Monday, March 18, 2013
Points of Contact (3/18/13)
Wednesday, February 13, 2013
Saddle Tramp
It's only little more than a month into 2013, and though there's still a lot of time to go in the year it'd surprise me if I came across many films better than Hugo Fregonese's brilliant Civil War western The Raid. Released in 1954, it came a few years after what is probably Fregonese's other best known western today, the very fine Apache Drums (1951), notable for being the last film produced by Val Lewton before his untimely death. Going back one year even further to the director's previous film Saddle Tramp (1950) gives an indication, in an early sequence, of what may have caught Lewton's eye.
Joel McCrea plays the drifting title character en route to visiting an old friend who, as it turns out, has lost a wife and gained a few sons in the years since McCrea has last seen him. That night McCrea and the boys fall asleep by the lantern light while his old friend rides a horse off into a raging storm. McCrea awakens and traces the missing man's path, arriving at a slain body splayed in a ditch. Not a terribly unique premise in and of itself, but the manner in which it is filmed - as a repeated series of mysterious actions captured at a remove, with acute attention paid to the unstable atmosphere and a strong sense menace lurking just beyond the frame - is particularly oneiric for a fifties western, and is absolutely in line with the brand of suggestive horror Lewton's name is normally associated with.

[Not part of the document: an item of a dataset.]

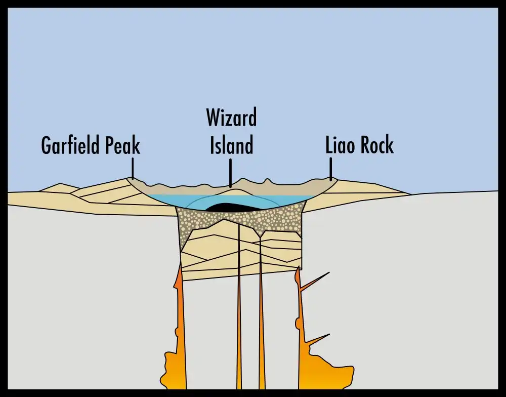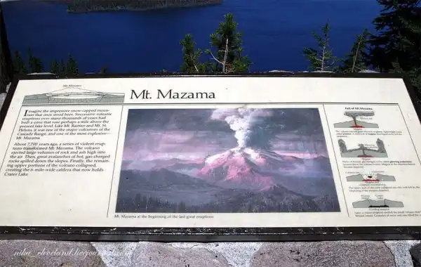 Вулкан Маунт-Мазама является частью вулканической дуги Каскадных гор. Его основными породами считаются риодацит, дацит и андезит. Погибелью вулкана принято считать его последнее извержение, которое было таким мощным, что привело к его погружению. В ходе последующих извержений образовались вулканические формы, близкие к современным, Конус Мерриам, Колдовской остров и риодацитный купол практически в самом центре платформы озера. Озеро же появилось, благодаря осадкам и горячим источникам, которые постепенно остывали. На данный момент ученые склонны считать, что в будущем возможно новое извержение Маунт-Мазама.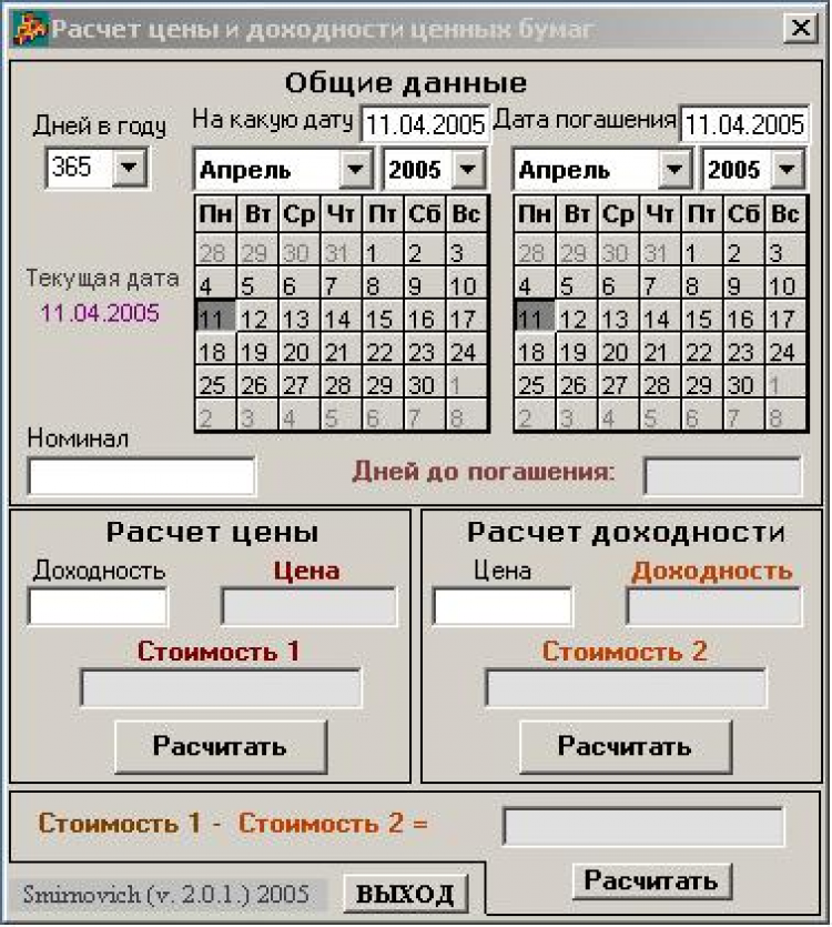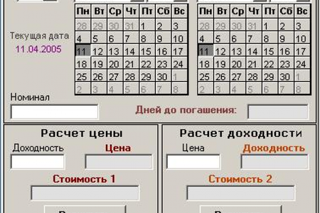 Специалист, забывая ввести или изменить те или иные параметры сделки, может просто пересчитать с новыми и старыми параметрами новую цену или доходность. Данная программа не позволяет повторно пересчитать цену и доходность при изменении, какого либо параметра. Она их просто стирает. Программа округляет автоматически значения при вводе и/или расчете: Цена до 4-х знаков после запятой; Доходность до 2-х знаков после запятой; Номинал и рассчитанные значения Стоимость 1 и Стоимость 2 до 2-х знаков после запятой. Еще в эту версию добавлен календарь, который позволяет вводить с него даты для расчетов и видеть, на какой день недели попадает дата погашения, что позволяет избежать попадания даты погашения на выходные (праздничные) дни или сделать соответствующие поправки в расчетах с учетом выходных (праздничных) дней. Для расчета цены используется следующая формула: Ц = 100 / (1 +Д / 100 * Т / 365), где Ц – цена; Д – доходность в % годовых; Т – срок обращения (определяется как разница между датой погашения и годовых; 365 – количество дней в году. Для расчета доходности используется следующая формула: Д = (100 - Ц) / Ц * 365 / Т * 100, где Д – доходность в % годовых; Ц – цена; Т – срок обращения (определяется как разница между датой погашения и годовых; 365 – количество дней в году. Для расчета стоимости используется следующая формула: С = Н * Ц / 100, где С – стоимость; Н – номинал; Ц – цена в % от номинала. Что значит «Стоимость 1», «Стоимость 2» и «Стоимость 1 – Стоимость 2» я думаю и так понятно. Представлены два файла: Дистрибутив полностью 3639 Кб и файл приложение 205 Кб. Если приложение не бужет работать, то необходимо воспользоваться дистрибутивом.

For better or worse, the promises inherent in that unusually moody setup are never allowed fruition, and so develops what is basically a gentle story about a drifter suddenly saddled with responsibility in the form of abandoned children, albeit a gentle story occasionally splashed with the unusually surreal or violent touch. (One scene where the children beat a defenseless man repeatedly in the head with shovels over a lighthearted musical theme is a prime, merged example of both.) In the midst of McCrea's attempts at negotiating his freewheeling ways with his newfound position helming a family unit, peripheral characters and storylines crop up on both sides threatening to make the movie their own (conflicts over stolen cattle, the hunt for a runaway.) But, similar to The Raid, the narrative of Saddle Tramp - grounded by Fregonese's sturdy visual touch and clear-headed sense of spatial arrangement (very reminiscent of Boetticher) - is essentially a straight line movement towards an all-in commitment, rippled with ambivalence and nudged in all directions but resolutely staying on course.